EXERCISE INSTRUCTIONS:
Print out the data precisely as it appears here, with no pictures.

STORED DATA:
------------------------------------------------------------------------

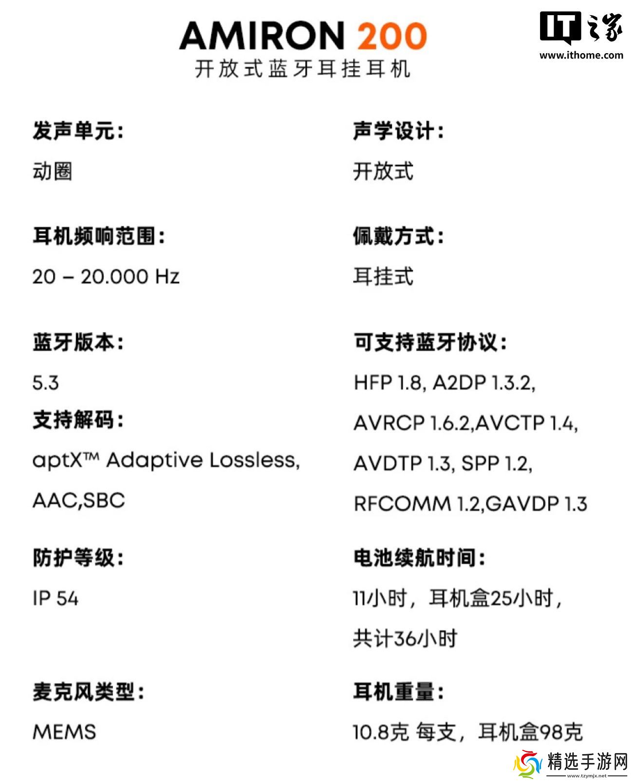 而 AMIRON 200 耳机同样拥有 IP54 认证,强调低频表现,耳机本体支持触控操作,同时配备有双麦克风降噪,在搭配充电盒使用时至高拥有 36 小时续航。
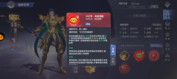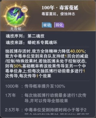 最后,咱们讲讲各类减益buff。在对决中要是碰到控制流打法该如何应对呢?首先要清楚,游戏里的控制技能是由精神力这一属性决定的,精神力数值越高,控制的概率也就越高,再结合魂技自身的概率,就是最终实际的控制概率。了解了这个机制,我们就有应对办法了。首先,可以通过降低对方精神力来减少其控制概率。这里以毒斗罗独孤博为例:独孤博的第二魂技——毒雾蔓延。
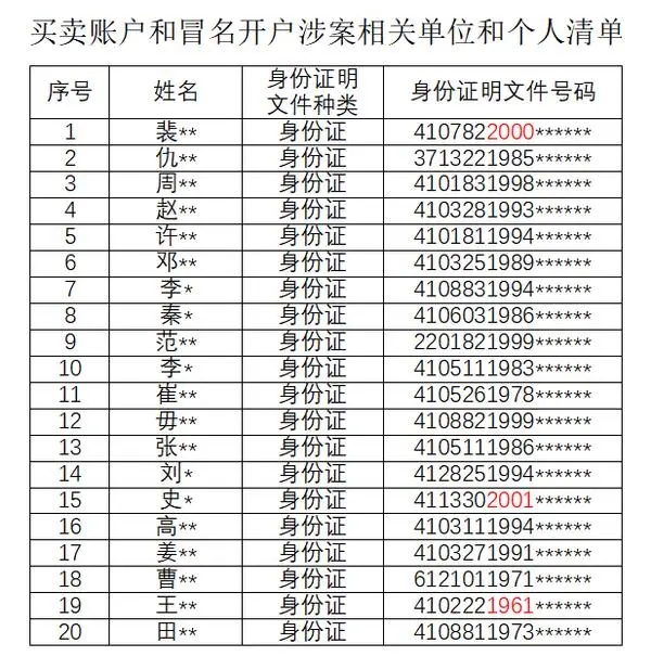 8月26日,为使社会公众清楚认识非法买卖、出租、出借账户的法律责任,加大对买卖账户等违规行为的惩戒力度,郑州警方联合中国人民银行郑州中心支行、郑州移动、郑州联通、郑州电信公布了首批230名涉嫌买卖账户、冒名开户相关单位和个人及电信网络新型违法犯罪案件涉案账户人员的信息,并予以惩戒。

------------------------------------------------------------------------

WRITTEN RESPONSE:
 而 AMIRON 200 耳机同样拥有 IP54 认证,强调低频表现,耳机本体支持触控操作,同时配备有双麦克风降噪,在搭配充电盒使用时至高拥有 36 小时续航。
 最后,咱们讲讲各类减益buff。在对决中要是碰到控制流打法该如何应对呢?首先要清楚,游戏里的控制技能是由精神力这一属性决定的,精神力数值越高,控制的概率也就越高,再结合魂技自身的概率,就是最终实际的控制概率。了解了这个机制,我们就有应对办法了。首先,可以通过降低对方精神力来减少其控制概率。这里以毒斗罗独孤博为例:独孤博的第二魂技——毒雾蔓延。
 8月26日,为使社会公众清楚认识非法买卖、出租、出借账户的法律责任,加大对买卖账户等违规行为的惩戒力度,郑州警方联合中国人民银行郑州中心支行、郑州移动、郑州联通、郑州电信公布了首批230名涉嫌买卖账户、冒名开户相关单位和个人及电信网络新型违法犯罪案件涉案账户人员的信息,并予以惩戒。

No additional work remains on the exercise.